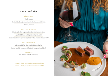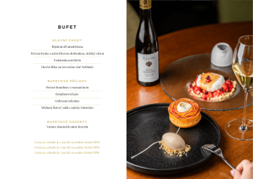 Pro skupiny osmi a více osob bude k finálnímu účtu připočítáno 12,5 % service charge. Uvedené ceny jsou v Kč včetně DPH.
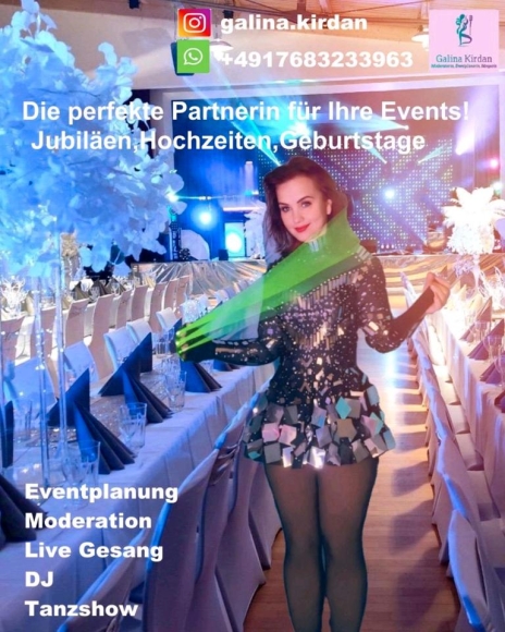 Ich bite Eventplanug, Moderation, Gesang live (Cover) und DJ Musik, Show - Performance mit Kostümen. Www.event-galina.de
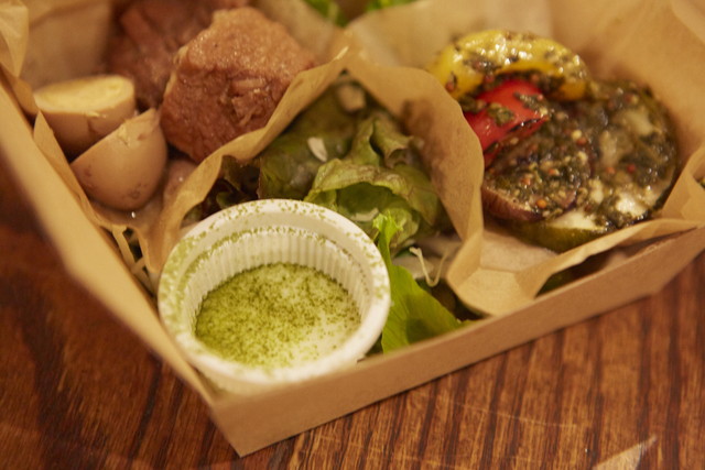 そして、サラダのドレッシングも抹茶味。とことんお茶にこだわったお弁当です。
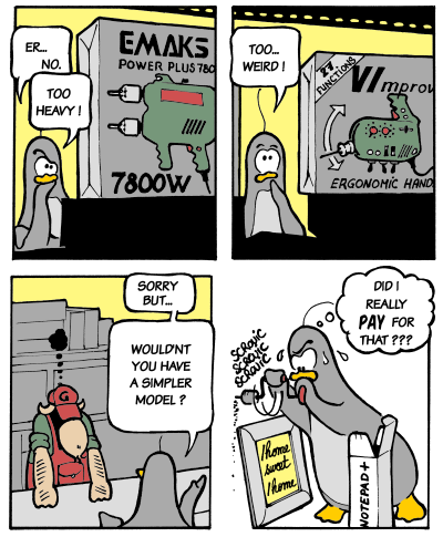 Продвинутый текстовый редактор — кошмар для случайного пользователя. Если его удается в конце концов закрыть, то вздыхаешь с облегчением и твердой уверенностью, что больше не будешь запускать эту программу ни разу в жизни.
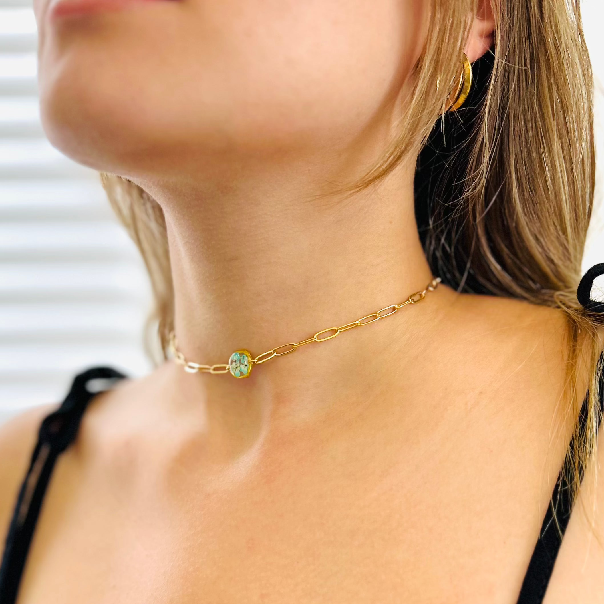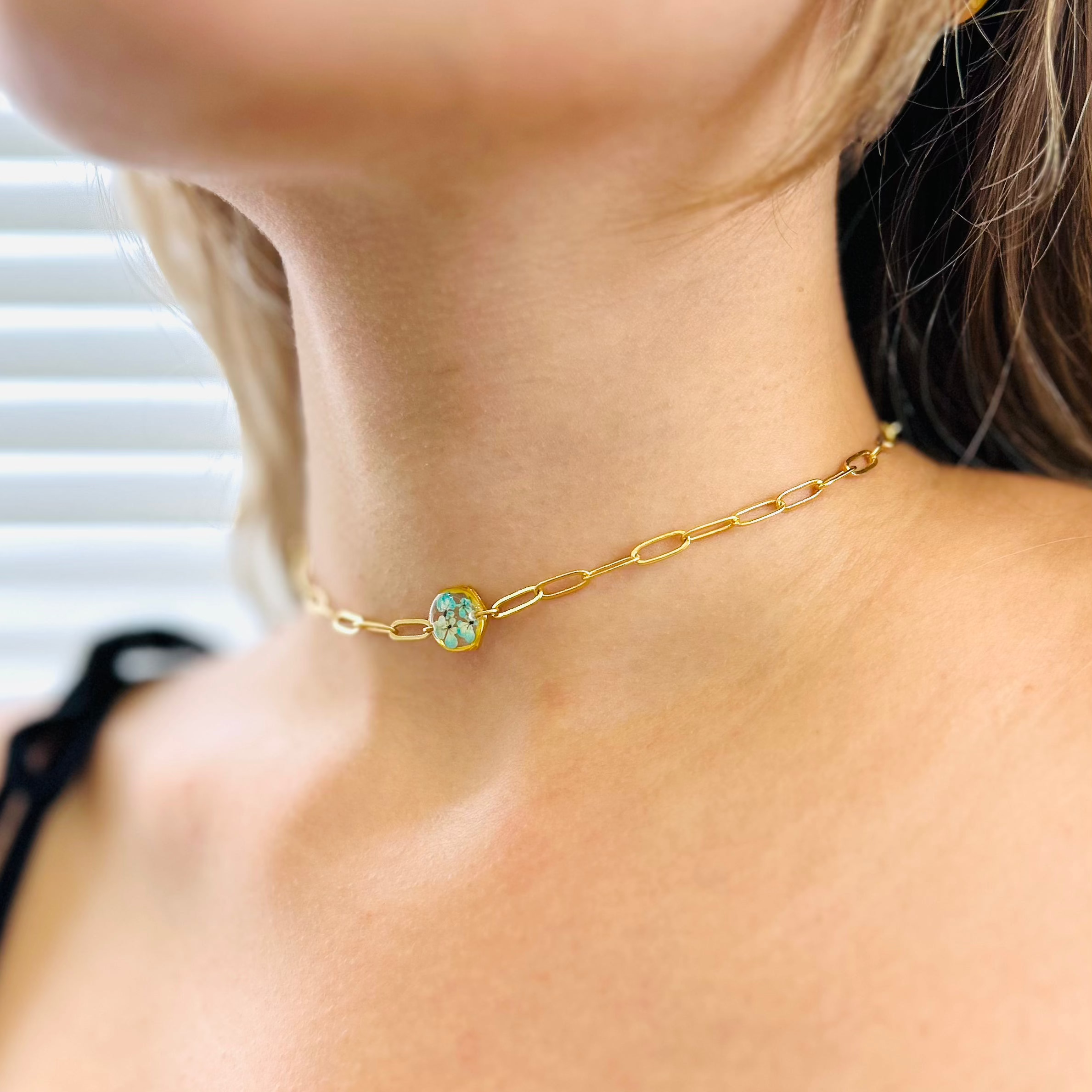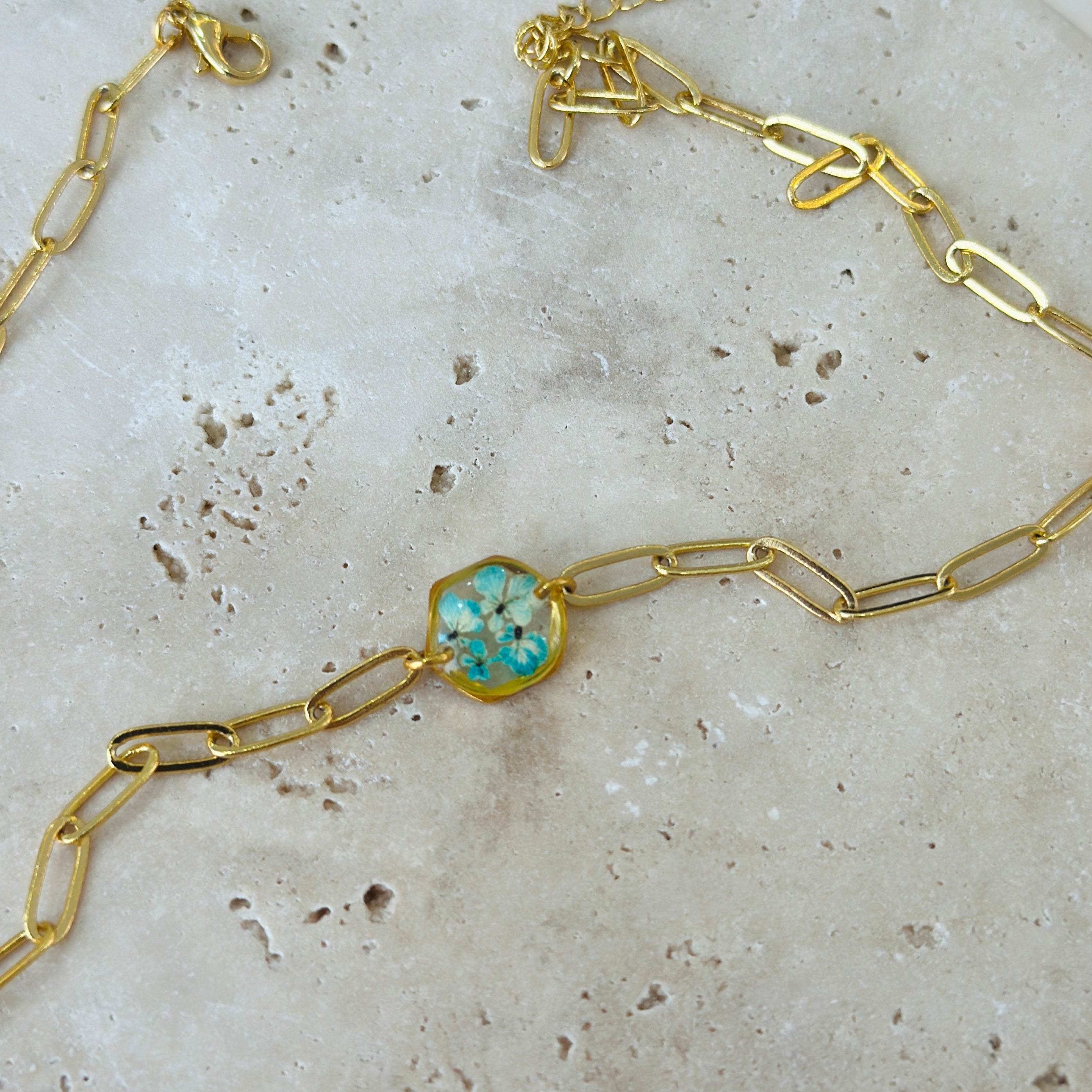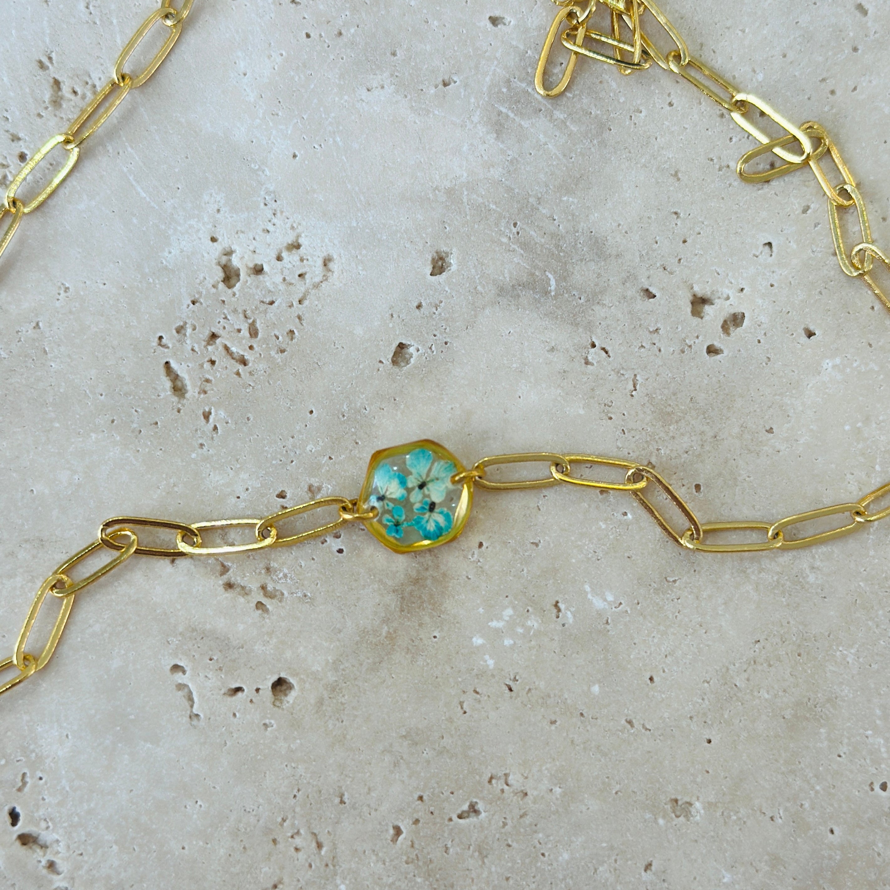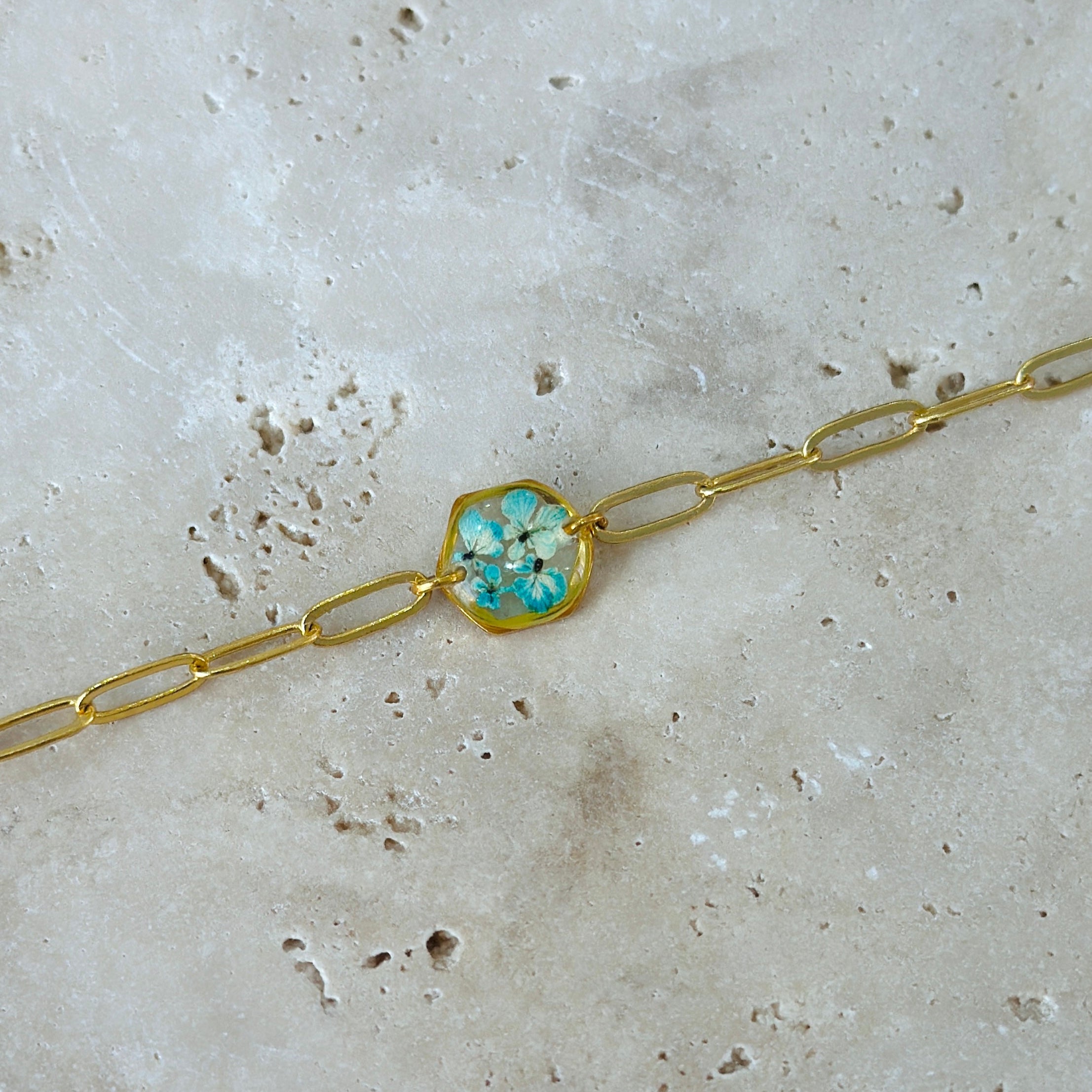 After the flowers have completed the drying process, each one is carefully cut into tiny pieces. Each flower piece is fixed with resin and protected. In this way, the elegant texture of nature is preserved for a long time and becomes immortal in the jewelry. Every detail is meticulously processed and gives life to the jewelry.
○ ○ ○ ○ ○
Your objective:
Counting both ends, reproduce word for word the lines from the line with "そして、サラダのドレッシングも抹茶味。とことんお茶にこだわったお弁当です。" to the final line of the listing above, skipping every picture.

Completed exercise:
 そして、サラダのドレッシングも抹茶味。とことんお茶にこだわったお弁当です。
 Продвинутый текстовый редактор — кошмар для случайного пользователя. Если его удается в конце концов закрыть, то вздыхаешь с облегчением и твердой уверенностью, что больше не будешь запускать эту программу ни разу в жизни.
 After the flowers have completed the drying process, each one is carefully cut into tiny pieces. Each flower piece is fixed with resin and protected. In this way, the elegant texture of nature is preserved for a long time and becomes immortal in the jewelry. Every detail is meticulously processed and gives life to the jewelry.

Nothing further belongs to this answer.